## Collected material
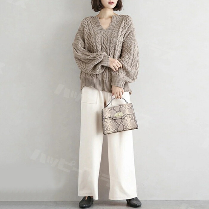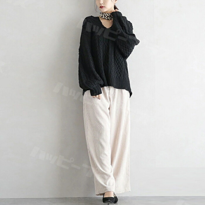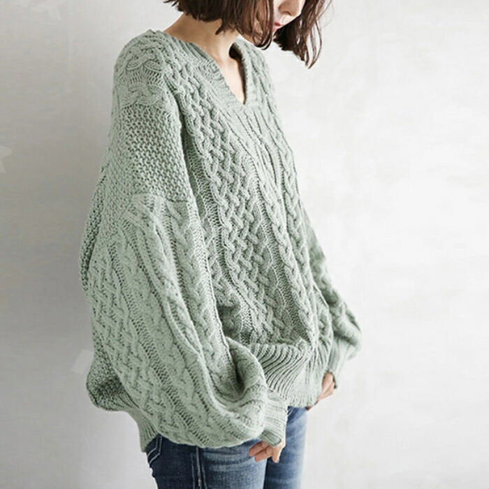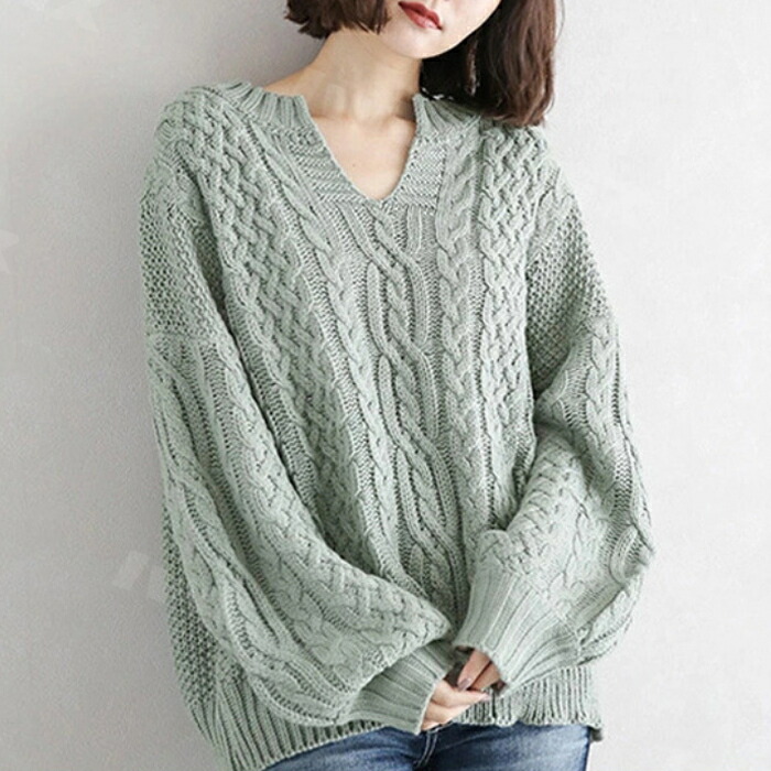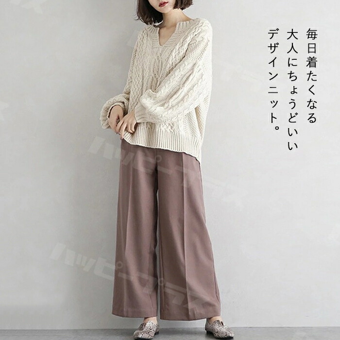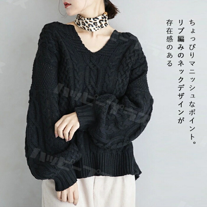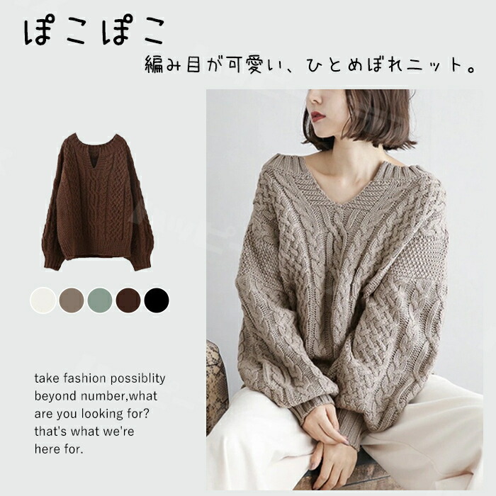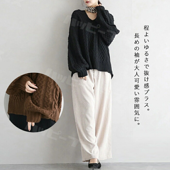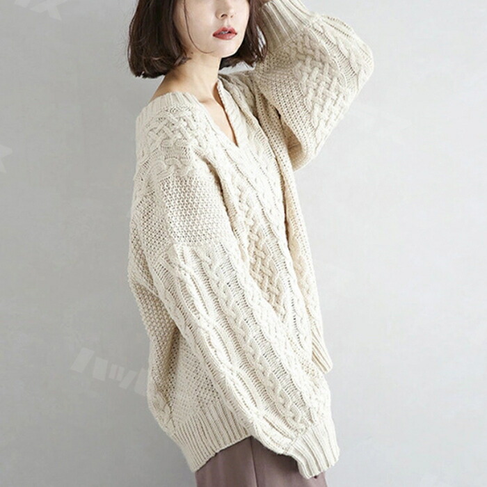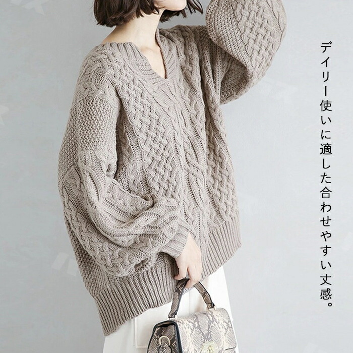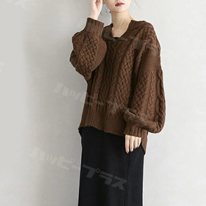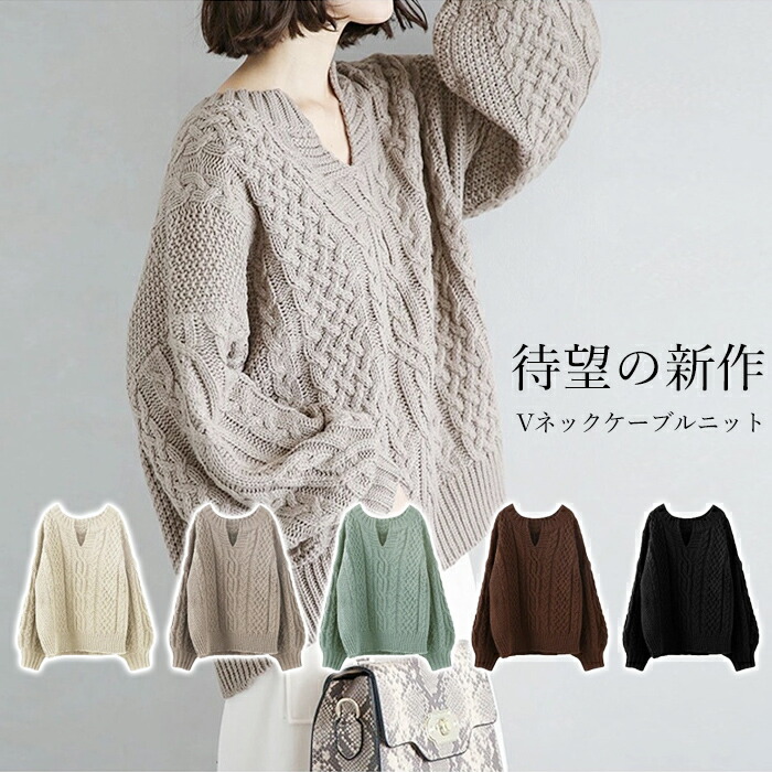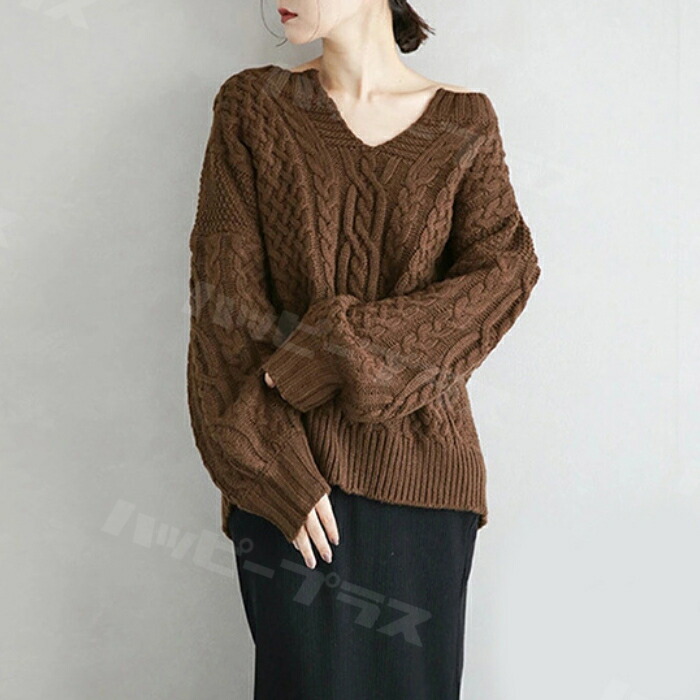 2点購入で800円オフクーポンあり♪ ニット セーター 長袖 レディース Vネック プルオーバー ドロップショルダー ニットセーター ケーブル編み チュニック カットソー ゆったり トップ 体型カバー
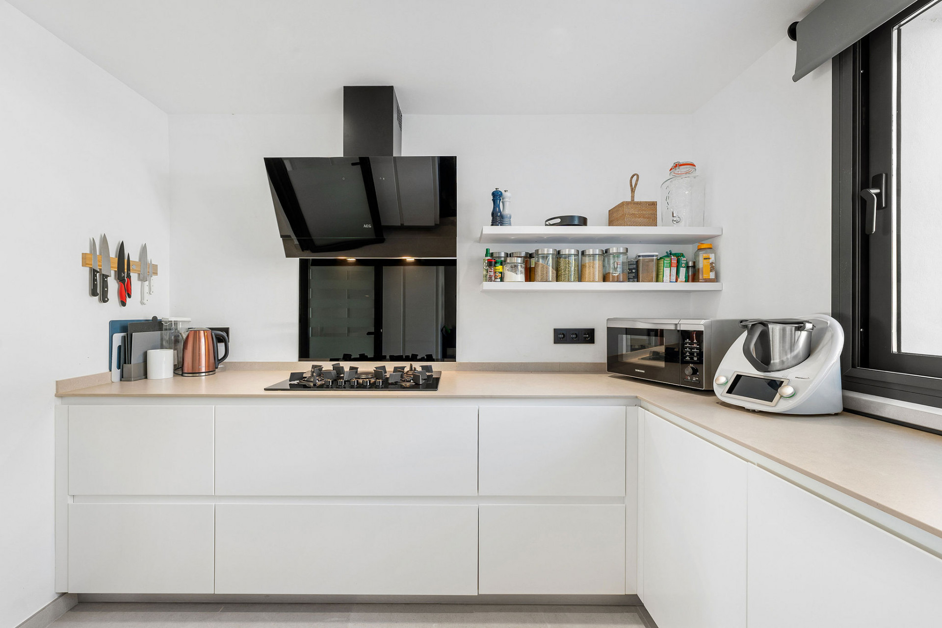 Upon entering, the immediate sense of space is profound. The entrance is framed by towering double-height windows, offering an unobstructed panorama of the golf course and its water features. These windows are not mere aesthetic elements; they are the villa’s eyes to the world, bringing the outdoors in and allowing the eye to wander over the verdant expanse beyond. The entrance level is a symphony of light and space, with open-plan living areas that flow effortlessly into one another. The kitchen, the heart of any home, is designed for the culinary connoisseur. A spacious and well-appointed affair, it features sleek surfaces and high-end appliances, and is seamlessly integrated into the living and dining areas. Adjacent, a separate back kitchen provides a more functional space for preparation and service, ensuring that the villa’s entertaining capacity is second to none.
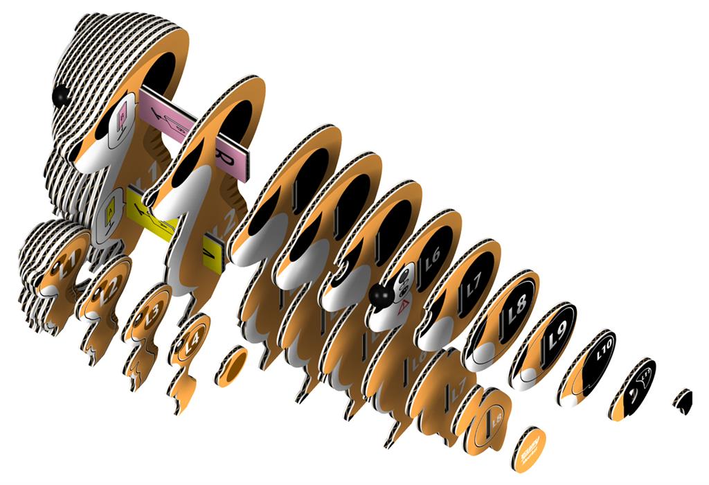 Bouw jouw eigen Eugy 3D-figuur! Dit leuke bouwpakket bestaat uit voorgesneden stukjes gerecycled karton die je eenvoudig met de bijgeleverde niet-giftige lijm op elkaar stapelt. Zo ontstaat er een stevig, kleurrijk en gedetailleerd figuurtje dat je met trots kunt neerzetten of cadeau doen.

## Required action
Everything from the line with "Upon entering, the" through the end of the listing above, both ends included, should be set down exactly; copy nothing else, and skip the pictures.

## Exercise output
 Upon entering, the immediate sense of space is profound. The entrance is framed by towering double-height windows, offering an unobstructed panorama of the golf course and its water features. These windows are not mere aesthetic elements; they are the villa’s eyes to the world, bringing the outdoors in and allowing the eye to wander over the verdant expanse beyond. The entrance level is a symphony of light and space, with open-plan living areas that flow effortlessly into one another. The kitchen, the heart of any home, is designed for the culinary connoisseur. A spacious and well-appointed affair, it features sleek surfaces and high-end appliances, and is seamlessly integrated into the living and dining areas. Adjacent, a separate back kitchen provides a more functional space for preparation and service, ensuring that the villa’s entertaining capacity is second to none.
 Bouw jouw eigen Eugy 3D-figuur! Dit leuke bouwpakket bestaat uit voorgesneden stukjes gerecycled karton die je eenvoudig met de bijgeleverde niet-giftige lijm op elkaar stapelt. Zo ontstaat er een stevig, kleurrijk en gedetailleerd figuurtje dat je met trots kunt neerzetten of cadeau doen.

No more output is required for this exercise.